But he was also a tough kid who didn't mind dropping his gloves.
He had to be tough, growing up in Woonsocket, one of those gritty
New England towns whose mills had shut down and whose population
was declining. "Part of growing up was learning to defend
yourself on the street," Berard says.
"Hockey was in his genes," Pam Berard says of Bryan, the third of
six children. Berard is French Canadian. The Berards' ancestors,
like those of hundreds of Woonsocket families, moved down from
hockey-mad Quebec to work in the textile mills in the 19th
century. Pam's father and brother played hockey in high school.
Wally played in as many as three adult leagues at once when Bryan
was a kid, traveling to games as far away as Montreal.
Bryan and his younger brothers, Greg and Bruce, often skated till
dark on the town ice rink five minutes from their house. Less
than a mile away was Mount Saint Charles Academy, a parochial
school with a juggernaut of a hockey team that wins the state
championship every year--23 in a row and counting. Nine NHLers and
two No. 1 draft choices, including Berard, have played for Mount
Saint Charles.
Berard left Mount Saint Charles after his junior year, convincing
his parents he needed to face the stronger competition in major
junior hockey to reach the NHL. In his first season for Detroit
he fought Wayne Primeau, now a 6'3", 225-pound power forward for
the Pittsburgh Penguins. "I thought I was a pretty tough kid
until major junior," says Berard. "Then I realized that wasn't my
game."
His game was initiating offense from the back line, and scouts
saw that he was the complete package: size, skill, speed and
toughness. In July 1995 Berard was selected first in the NHL
draft.
Slovakia, with only 5 1/2 million people, produces more than its
share of world-class hockey players. The storied Stastny
brothers--Peter, Anton and Marian--became NHL stars in the 1980s,
before Slovakia split from the Czech Republic. Current league
standouts include Pavol Demitra of the St. Louis Blues, Zigmund
Palffy of the Los Angeles Kings and Miroslav Satan of the Buffalo
Sabres. In the 1999 World Championships a 20-year-old kid named
Marian Hossa scored five goals in six games and left scouts
wondering if he might not prove to be the best Slovakian of all.
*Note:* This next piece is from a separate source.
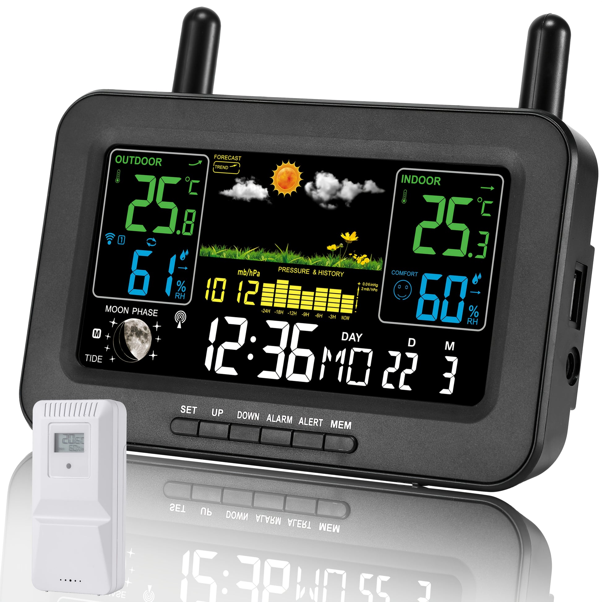 Deze slimme atoomklok van WFV combineert een helder kleurendisplay met draadloze binnen- en buitensensoren voor temperatuur en luchtvochtigheid. Met een eeuwigdurende kalender, maanstand, barometer en USB-oplaadpoort is dit het perfecte multifunctionele station voor thuis of kantoor.

Hossa is one of the rare players who can beat an NHL defenseman
one-on-one. One time he'll feint to his backhand, the next to his
forehand; a third time he'll do a head fake, then slip the puck
between the defenseman's legs. Hockey is in Hossa's genes, too:
His father, Frantisek, was a pro player in Czechoslovakia.
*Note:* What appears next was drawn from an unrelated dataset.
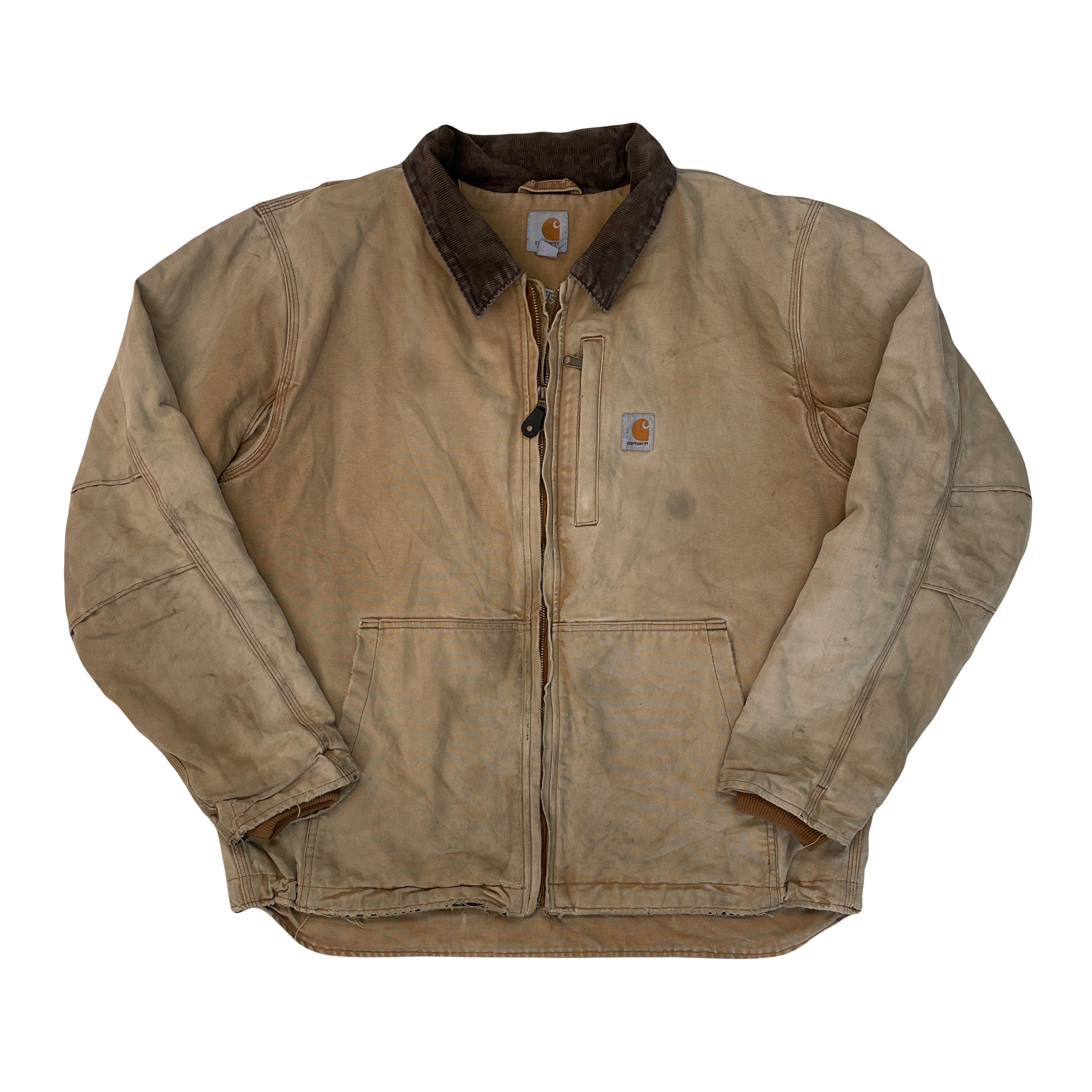 True Vintage Carhartt Full Swing jacket in tan. Size L. Shows significant wear and tear you can't fake without years of hard work, see photos for details. Heavyweight duck canvas. Brown corduroy collar.

Frantisek never coached his two sons when they were kids, but he
helped them build the makeshift rink in the playground below
their two-bedroom apartment in the western Slovakian city of
Trencin.
That's where Marian honed his skills with his brother, Marcel,
now 19, who would become the first-round draft pick of the
Montreal Canadiens in 2000. The boys built boards out of plywood
stolen from a construction site. Nearly every day after school
they played four-on-four with other kids from the apartment
complex. "You try all the moves, and there's no checking, nothing
physical," says Marian.
Between the fifth and eighth grades Marian attended a hockey
school that attracted the most gifted players in Trencin. At 12
he played in Quebec's world-renowned pee-wee tournament. Five
years later he made Slovakia's national junior team. At 17 Hossa
played first line for Dukla Trencin, the team sponsored by the
army in the top Slovak pro league, skating against men in their
20s and 30s. When he scored five goals in six games for Slovakia
in the 1997 World Junior Championships, Marshall Johnston,
Ottawa's director of player personnel, was in attendance. In part
because of his recommendation, the Senators made Hossa their
first draft pick that summer, the 12th player taken.
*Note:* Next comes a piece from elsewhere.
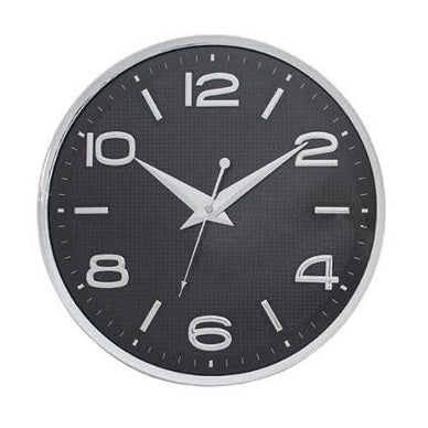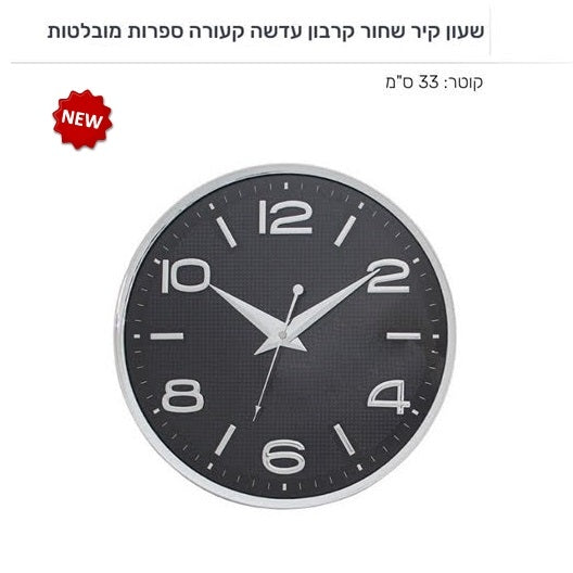 שעון קיר שחור קרבון 33 ס"מ עדשה קעורה ספרות מובלטות

Hossa played seven games with the Senators during the 1997-98
season, but he spent most of the year getting roughed up with
Portland. "What am I doing here?" he would ask himself when he
came home at night. He was living with an American family, trying
to learn the language. He was a force--he scored 45 goals in 53
games--but needed to improve his defensive game.
Hossa's play in his own end got better, and he starred in the
playoffs, scoring 13 goals in 16 games as Portland cruised to the
championship. The victory, however, came with a price. In the
final minutes of regulation in the clinching game, Hossa was hit
with a leg check that tore both the anterior and medial cruciate
ligaments in his left knee. He was flown to Ottawa for
reconstructive surgery and was told he couldn't skate again for
six months. Hossa, then 19, spent less than two weeks in Slovakia
that summer. The rest of the time he lived in a hotel room in a
city where he knew virtually no one, lifting weights and
rehabilitating his knee. It was the loneliest time of his life.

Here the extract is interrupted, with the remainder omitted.